Под крышами Парижа (сборник) - страница 21
Он абсолютно не мог уразуметь моей занятости ребенком, наших ежедневных прогулок, моих стараний ее веселить, развлекать и наставлять, а также терпения, с которым я выслушивал ее идиотские вопросы, ее непомерные требования. Он, естественно, не имел ни малейшего представления о радости, которую она давала мне. Было очевидно – пусть он, возможно, не хотел признать этого, – что она была моей единственной радостью. Вэл всегда была на первом месте. Это раздражало всех, не только Морикана. И особенно мою жену. Общепринятое мнение гласило, что я старый болван, который портит своего единственного ребенка. И правда, со стороны это так и выглядело. О сути же этой ситуации, или этих отношений, я бы не спешил поведать даже самым близким друзьям. Ирония, однако, заключалась в том, что именно те, кто в открытую попрекал меня, сами совершали такие же глупости, обнаруживали такую же непомерную привязанность к своим чадам. Что до Вэл, то она была моей плотью и кровью, зеницей моего ока; и единственное, о чем я сожалел, так это о том, что не мог посвятить ей еще больше времени и внимания.
Примерно в это самое время все мамочки заинтересовались танцами. Некоторые еще и пением. Очень славно. Достойно, как говорится, одобрения. А что же детки? Учили ли их тоже петь и танцевать? Отнюдь. Это придет позднее, когда они достаточно подрастут и можно будет отправить их в балетный класс или еще куда в угоду какому-нибудь дурацкому поветрию, которое мамочки сочтут обязательным для культурного развития своего потомства. В настоящий же момент эти мамочки были слишком заняты культивацией своих собственных скрытых талантов.

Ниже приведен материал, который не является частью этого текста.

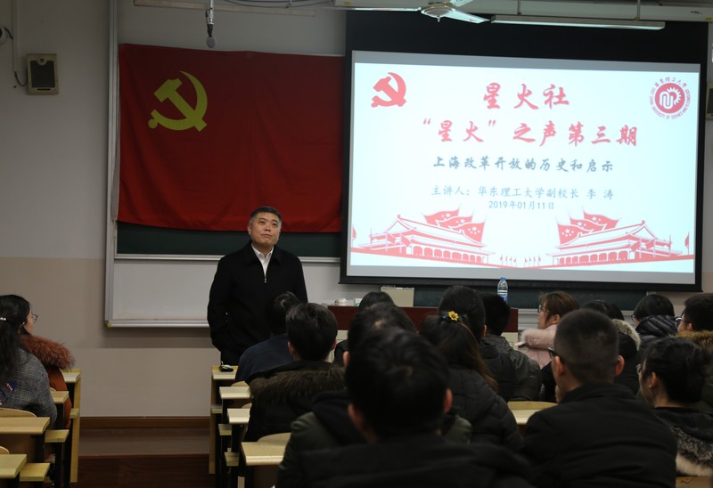 副校长李涛以《上海改革开放启示录》为题,给研究生党员骨干全面介绍了上海市改革开放的历史脉络,为同学们梳理出一幅“上海——时代中奋进”的蓬勃图景,给大家带来了关于学习领会海派历史中艰苦创业,曲折发展,辉煌成就的精彩一课。颜射合集部分教工党支部党员也一起聆听的讲座。院党委副书记高艺霞主持了本次党课。

И настал день, когда я научил Вэл первой в ее жизни песне. Мы топали домой по лесу; я посадил ее на плечи, поскольку ее ножки устали. Вдруг она попросила меня спеть.
– Какую песню ты хочешь? – спросил я и затем повторил бледную шутку Авраама Линкольна насчет того, что он знал только две песни: одна была «Янки Дудл»[73], а другая нет.
– Спой ее! – попросила она.
Я спел, и лихо. Она подпевала.
Когда мы дошли до дому, она уже знала слова наизусть. Я был в полном восторге. Само собой, что мы запевали ее снова и снова. Янки Дудл то и Янки Дудл се. Янки Дудл денди, и к черту отстающих!
Морикан не проявлял ни малейшего интереса к таким развлечениям. «Бедный Миллер!» – возможно, говорил он себе, имея в виду то странное впечатление, какое я, наверное, производил на окружающих.
Бедная Вэл! Как обливалось кровью мое сердце, когда на ее попытку обменяться с Мориканом парой слов следовал категорический отказ:
– Я не говорью английский.
За столом она постоянно раздражала его своей глупой болтовней, которую я находил восхитительной, и своими плохими манерами.
– Ее следует приучать к дисциплине, – говорил он. – Ребенку вредит такое внимание.
Моя жена, придерживаясь того же мнения, встревала с монотонностью курантов. Она оплакивала все свои попытки, предпринимаемые в этом направлении, которые я-де срывал; она давала понять, что я испытываю дьявольское удовольствие, наблюдая за дурным поведением нашего ребенка. Но она, естественно, не согласилась бы с тем, что ее собственная натура сплошь из железа и что в дисциплине она видит единственное спасение.
– Он верит в свободу, – говорила она таким тоном, как будто идея свободы абсолютный хлам.
Чему вторил и Морикан:
– Да, американский ребенок – это маленький варвар. В Европе ребенок знает свое место. А здесь он правит.